Samuel Beckett became one of the most influential writers of the twentieth century, receiving the 1969 Nobel Prize for Literature. He also received the French Croix de Guerre and Médaille de la Reconnaissance for his bravery as part of the French Resistance during the Second World War. One of the characters in his early novel Dream of Fair to Middling Women is thought to be based on Lucia.

Alexander Calder became one of the twentieth century’s great sculptors and the originator of the mobile. His work can be seen at the Whitney Museum of American Art, New York; the Museum of Modern Art, New York, the Peggy Guggenheim Collection, Venice, and the Centre Georges Pompidou, Paris, amongst other places.

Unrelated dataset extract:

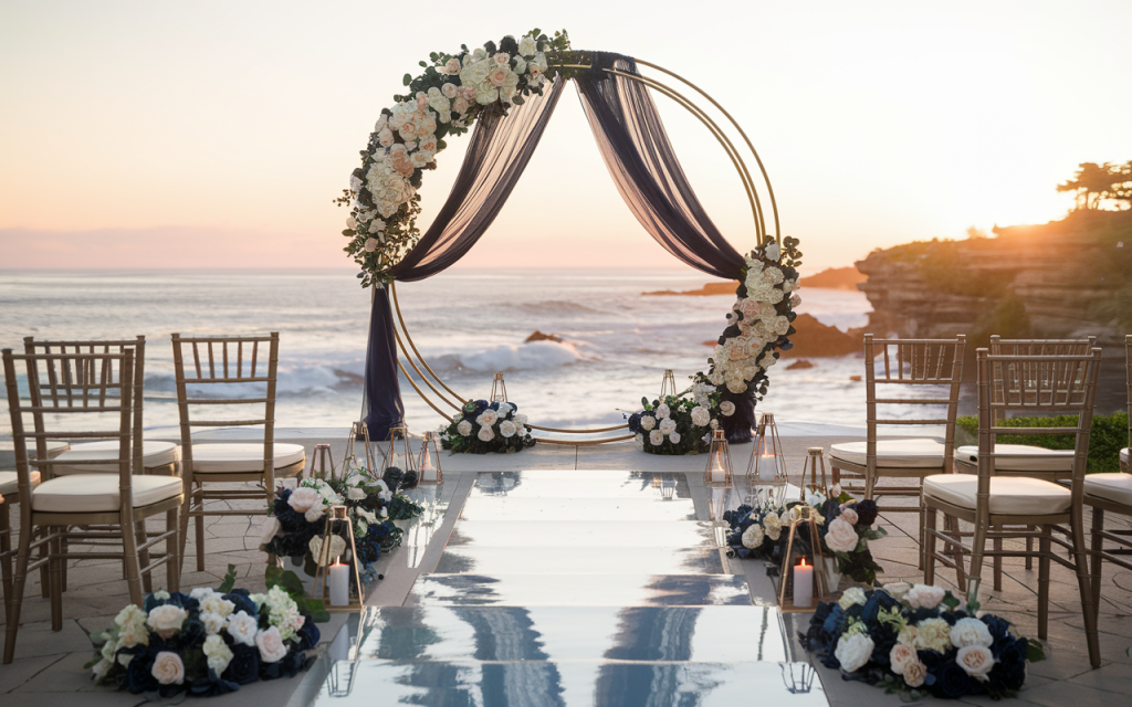 A magnificent circular arch, wrapped in cascading ivory blooms and soft navy drapery, stands as a symbol of eternity against the endless ocean backdrop. A mirrored aisle reflects the warm hues of the sunset, amplifying the ethereal glow as it leads to the altar. Delicate lanterns, flickering with candlelight, line the walkway, their golden tones harmonizing with the soft floral arrangements at each seat.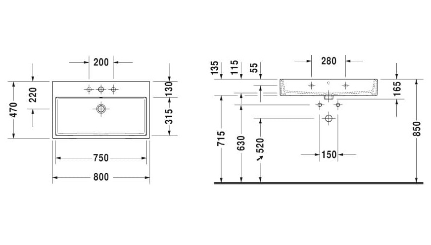 1) Раковина для ванной Duravit Vero Air подвесная/накладная 80х47 см керамика белый

Zelda Fitzgerald was diagnosed with chronic schizophrenia and from 1930 spent most of her remaining years in mental institutions initially in France (including the same sanatorium supervised by the same doctor as Lucia), then in the United States. She died in a fire while at Highland Hospital, Asheville.

Stella Steyn left Paris to study at the Bauhaus in Germany. With the rise of fascism, she left Germany and spent the rest of her life living quietly in London. She painted, sporadically, for the rest of her life and her paintings are now in many British and Irish collections, including that at No. 10 Downing Street.

Alex Ponisovksy narrowly missed being sued by the Joyce family for breaking his engagement contract to Lucia. He later helped extricate Peggy Guggenheim’s art collection from Paris in 1940 but was picked up by the Nazis in Monte Carlo in 1942 and was never seen again.

Paul Leon was shot by the Nazis in 1942, having rescued Joyce’s papers and belongings after the Joyce family fled their Paris apartment in 1939.

Emile Fernandez married, but after the collapse of his marriage he fathered a child with a fifteen-year-old from the Ivory Coast. His musical career never reached the heights of his cousin, Darius Milhaud.

Margaret Morris’s pioneering dance movement is still practised across the world today.